Entre faire du Melville ou faire du Truffaut, il n’est pas étonnant que le réalisateur des 400 coups ait opté pour la seconde solution. Antoine Doinel ne sera donc pas Alain Delon, mais bien le contraire : un apprenti détective maladroit comme Buster Keaton, et français, c’est-à-dire aussi toujours un peu amoureux, ce qui, est-il rappelé dans une interview avec le réalisateur, devrait être amusant. De toutes les façons, la Cinémathèque est fermée pour cause de limogeage de son directeur, nous sommes presque en mai de l’an 1968.
Voici Antoine, fraîchement embauché par l’agence Blady, de sortie pour sa première filature. Il se lance sur les pas d’une jeune femme, slalome d’un côté à l’autre du trottoir en se couvrant parfois le visage d’une journal, ce planquant derrière un arbre, ce qui ne manque pas, bien entendu, d’effrayer sa cible, qui fait appel à un agent de police en faction pour se débarrasser de l’encombrant jeune homme.

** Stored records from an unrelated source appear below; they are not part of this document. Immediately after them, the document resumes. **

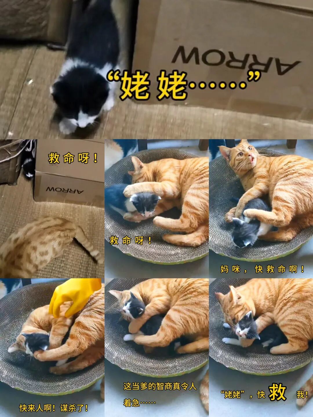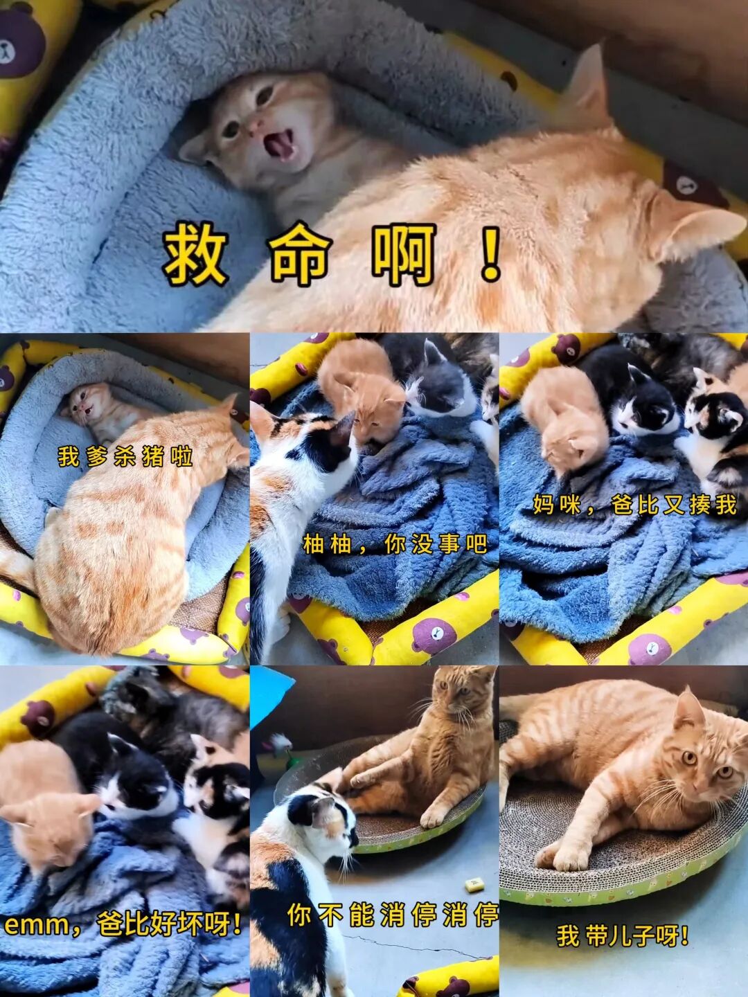 回顾橘橘的成长史真是又生气又搞笑。小奶猫跟橘橘的关系发生了飞天般的转变那是在小猫四个月以后。香香妈咪瞬间翻脸不让娃了,有点类似人类的产后抑郁症。橘爹虽然皮,但是它情绪稳定。即使是在带娃也不知道还是娃带它,可毕竟人家也是初次当爸爸。橘橘自个的娃自个可以欺负,他人不能欺负。
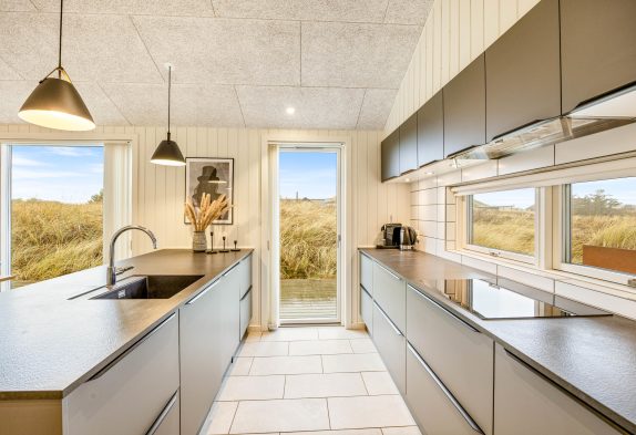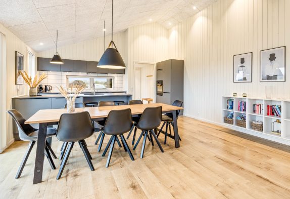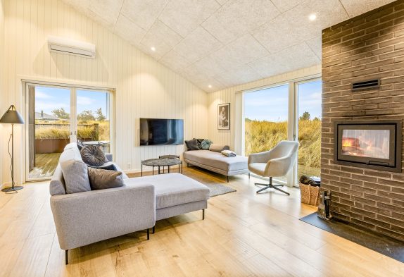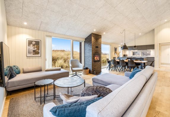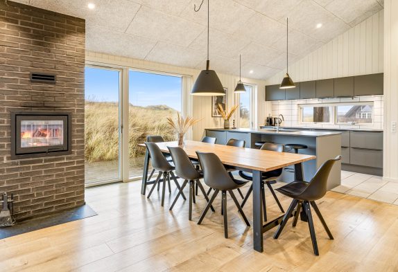 Das große Wohnzimmer wurde mit der offenen Küche kombiniert. In der Mitte vor der großen Fensterfront und den Terrassentüren steht der Kaminofen, der das ganze Jahr hindurch für eine warme und angenehme Urlaubs-Atmosphäre sorgt. Am Esstisch lassen sich wunderbar lange Spieleabende veranstalten, nachdem du mit deiner Familie oder deinen Freunden in der großen Küche gekocht hast.
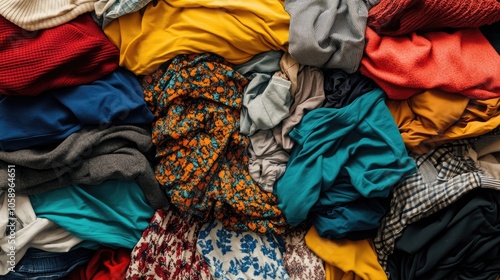 Fototapeta premium Disorganized stack of clothes piled haphazardly in a chaotic arrangement

C’est ensuite au tour d’un magicien dont il a assisté au spectacle la veille et dont le compagnon (une main gantée de cuir triturant l’autre qui ne l’est pas) s’inquiète de ses absences. À peine plus discret, Antoine se met à suivre le magicien, qui bientôt pénètre dans un bâtiment administratif. Resté à l’extérieur, Antoine taille une bavette avec une ancienne petite amie devenue mère de famille rencontrée par hasard, en profite pour appeler Christine, dont il est amoureux, d’une cabine téléphonique de l’autre côté de la rue, afin de s’excuser de son comportement de la veille, et s’étonne presque que son prestidigitateur ait réussi à le semer.
Troisième filature, qui comme les deux précédentes échouent lamentablement, sauf à penser que la statue de Jeanne d’Arc, où sa cible semble prendre tous ses rendez-vous, constitue un indice sérieux pour Antoine. De guerre lasse, le patron lui propose alors un autre travail : être ‘périscope’ dans un magasin de chaussures dont le propriétaire, Monsieur Tabard, veut savoir pourquoi on ne l’aime pas. Le patron de l’agence présente Doinel à ce nouveau client. « Il est très brillant. Surtout pour les enquêtes. Parce que pour les filatures… »
Or l’amour, il se trouve que c’est un peu la spécialité d’Antoine, qui tombe vite sous le charme de Madame Tabard tout en s’efforçant d’oublier qu’il continue d’aimer Christine. Or Madame Tabard est également surveillée par une autre employée de la même agence. Et pendant ce temps, Christine, elle, fait l’objet d’une filature constante par un homme dont l’imperméable fait penser qu’il appartient à la profession mais qui, c’est sûr, ne travaille pas pour l’agence Blady. Dans cette charmante comédie, on apprendra que ne pas se faire voir est à peu près aussi illusoire que d’apprendre à domestiquer les miroirs. Ce qui n’est pas nécessairement une mauvaise chose.